As a SysAdmin, particularly if you are a senior SysAdmin, part of your job should be to help hire the right people as part of your team. If your PHB isolates you from the hiring process, you should do everything in your power to change that. Fortunately, this has seldom been a problem in most of my work life. The smart managers will get their entire team involved with hiring new members.

BRuce the mentor

I was fortunate in having a number of very fine and patient mentors who allowed me to fail so that I might learn. One person in particular, BRuce, as he liked to sign his emails, ensured that I had the necessary training, but he also allowed me put that training to use very quickly. He assigned me to difficult tasks right away, ones that forced me to use my new-found knowledge and to break through the boundaries of my own comfort and self-imposed limitations.

BRuce and I worked together at two different companies over the years, both of which required deep Unix/Linux knowledge and skills. We worked together well because we were both very good at what we did. He understood that I did not start with the same skill level that he had, but he respected the skills I did have and gave me plenty of opportunity to use those skills and learn new ones.

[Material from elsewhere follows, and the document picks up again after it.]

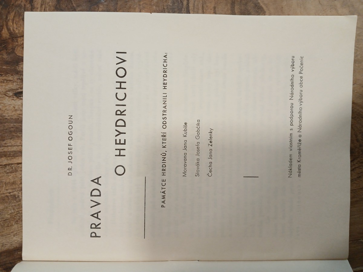 | Digitalizovaná tiráž: | DR. JOSEF OGOUN PRAVDA O HEYDRICHOVI PAMÁTCE HRDINŮ, KTEŘÍ ODSTRANILI HEYDRICHA: Moravana Jana Kubiše Slováka Josefa Gabčíka Čecha Jana Zelenky Nákladem vlastním s podporou Národního výboru města Kroměříže a Národního výboru obce Počenic |
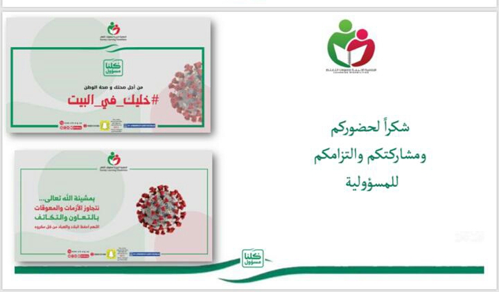 منطلقا من أن الجميع مسؤول بالالتزام بالدورالمناط به للمشاركة بالتصدي لهذه الجائحة العالمية ورفع الوعي المجتمعي لكل أفراد المجتمع فكلنا مسؤول بالتعاون والتكافل لبناء المجتمع .

In many ways, BRuce was the quintessential grumpy SysAdmin — and with good reason. What I mean by this is that, when dealing with less technical people such as marketing people and the PHBs about things they wanted to do in the labs for which we were responsible, his first response was almost always a flat, definite, “no.” This was always because the projects, whatever they were, would cause problems in the lab as they were initially conceived because they were all poorly thought out with no concept of what could and could not be done. BRuce then asked the persons who made the request a series of questions that eventually led us to what they really wanted to do. It seems that most of the people making these requests were also trying to design the infrastructure to support those projects and that was our area of expertise, not theirs. They were also not very thoughtful about how their projects might affect others using the lab to test their projects.

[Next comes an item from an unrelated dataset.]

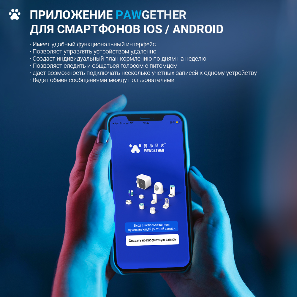 Специальное приложение Pawgether имеет удобный функциональный интерфейс, что позволяет управлять устройством удаленно, создавать индивидуальный план кормлению по дням на неделю, а так же следить и общаться голосом с питомцем. Приложение Pawgether позволяет подключать несколько учетных записей к одному устройству и вести обмен сообщениями между пользователями.

BRuce was not being a jerk like some people thought. He was doing his job which was to ensure that the lab was fully functional for everyone who used it. Most of the initial requests that we received were significantly flawed. It was our responsibility to ensure that those flaws did not affect the rest of the lab. BRuce was just very blunt because we did not have the time to deal with problems caused by other people when it was just the two of us dealing with more than 15 rows with 24 racks each in the lab, all of them full of equipment running tests that would have had to be restarted — or rebuilt — if the Lab network were to be compromised by someone’s experiments run amok.

In that type of environment there was no tolerance for errors. BRuce and I were simply enforcing lab guidelines that had been designed to protect all of the users. As my mentor, this is also something that BRuce was trying to help me understand – that this is one of those times when the good of the many outweighs the good of the few. The lab had to be run in a manner that prevented some users from impinging upon the work of the rest.

Final Thoughts

I urge you to mentor others. Pass along the knowledge, skills, and your own philosophy. There is very little that can be more important than this for experienced SysAdmins. Our skills are amazing and we did not achieve them all by ourselves. We are amazing because of those who mentored us and the fact that they thought we had what it takes to be great SysAdmins. It is our responsibility to pass that along to the younger SysAdmins.

I had some amazing mentors who understood what it takes to learn – to really learn – and who allowed me to do so. You all gave me the opportunity to learn through failure. You helped my figure out where I went wrong and got me back on track. You are my heroes. Here’s to you, Alyce, BRuce, Vern, Dan, Chris, Heather, Ron, Don, Dave, Earl, and Pam.

And to all of you unsung mentors out there – You rock! Thanks for your support and guidance.